Yet another purpose of this invention is to provide safe water to as many people as possible to encourage local development and improve general living conditions.
This system is adaptable to various regions with different climatic conditions and different needs. In certain areas where there is an adequate water supply for human consumption, this system will store water for irrigation.
In other areas, new industrial and semi-industrial activities, population growth and irregular rainy seasons have meant a decrease in existing water supply; this system may then be used as an additional source of water.
In areas that undergo extended periods of dry weather, this system may be used to collect and store rainwater during the rainy season to provide the local population with adequate water supply for human consumption mainly, but also for domestic use, livestock and/or irrigation purposes.
This invention is also applicable to regions where the existing underground water resources are unreliable or where the existing ground water is contaminated or polluted and available, hence, only for irrigation and livestock.
The system may be divided into three main parts:
A. rainwater catchment,
B. the storage area containing expandable reservoirs and,
C. the outlet or distribution area where the pump(s) is (are) located.
Gravity flow is utilized to channel the collected water from the catchment to the storage reservoirs.
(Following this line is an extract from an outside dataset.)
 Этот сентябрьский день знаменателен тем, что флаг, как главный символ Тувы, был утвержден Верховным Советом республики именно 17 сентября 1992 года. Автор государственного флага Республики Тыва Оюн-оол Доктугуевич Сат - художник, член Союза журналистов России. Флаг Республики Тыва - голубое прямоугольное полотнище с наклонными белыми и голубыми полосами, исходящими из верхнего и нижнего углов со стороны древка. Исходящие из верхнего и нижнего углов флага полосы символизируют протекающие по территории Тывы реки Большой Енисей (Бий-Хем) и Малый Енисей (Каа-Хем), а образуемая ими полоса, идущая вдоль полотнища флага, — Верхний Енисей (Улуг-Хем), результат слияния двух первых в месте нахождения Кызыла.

The stored water will be withdrawn by means of a pump.
It is contemplated that a number of installations of this system will be carried out in areas lacking natural slopes necessary to obtain a downstream natural gravity flow. In such cases a man-made slope is obtainable by utilizing the soil of an excavated storage area.
The standard design of this system is applicable to each and every installation of the system.
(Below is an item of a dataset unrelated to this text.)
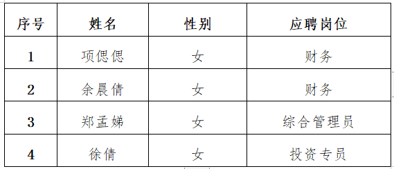 根據(jù)《衢州市交通投資集團(tuán)有限公司招聘工作方案》要求,現(xiàn)將擬錄用人員名單公示如下:

More particularly, the catchment, which is provided for the collection of rainwater, includes a water impervious sheet, the area of the water impervious sheet is selected depending on local annual rainfall. The sheet is supported on a prepared ground surface (preferably sterilized) of generally planar form sloping along a single fall line. The sheet is shaped so that it has at least a portion which may be generally rectangular, and a contiguous portion which is triangular including an apex-like region. The sheet is supported on the prepared surface so that the triangular portion of the sheet is located horizontally below the rectangular portion, with the apex-like region being horizontally below any other region of the triangular portion.
A storage or reservoir includes a prepared depression adjacent to the catchment and particularly the apex-like region thereof. At least one storage tank is located in the depression, each storage tank which is located in the depression comprises a flexible closed container with at least one inlet and one outlet. The depression is located sufficiently horizontally below the apex-like region of the catchment, so that no portion of any storage tank extends horizontally above the apex region even if the tank is storing water at maximum volume. All of the storage tanks are selected in capacity so that the total storage capacity is related to the number of days of continuous dry weather.
A first pipe or the like couples the apex-like region of the catchment to an inlet of each storage tank. At least one pump is provided for evacuating water stored in the reservoir. A second pipe is arranged connecting an outlet of the storage tank(s) to the pump.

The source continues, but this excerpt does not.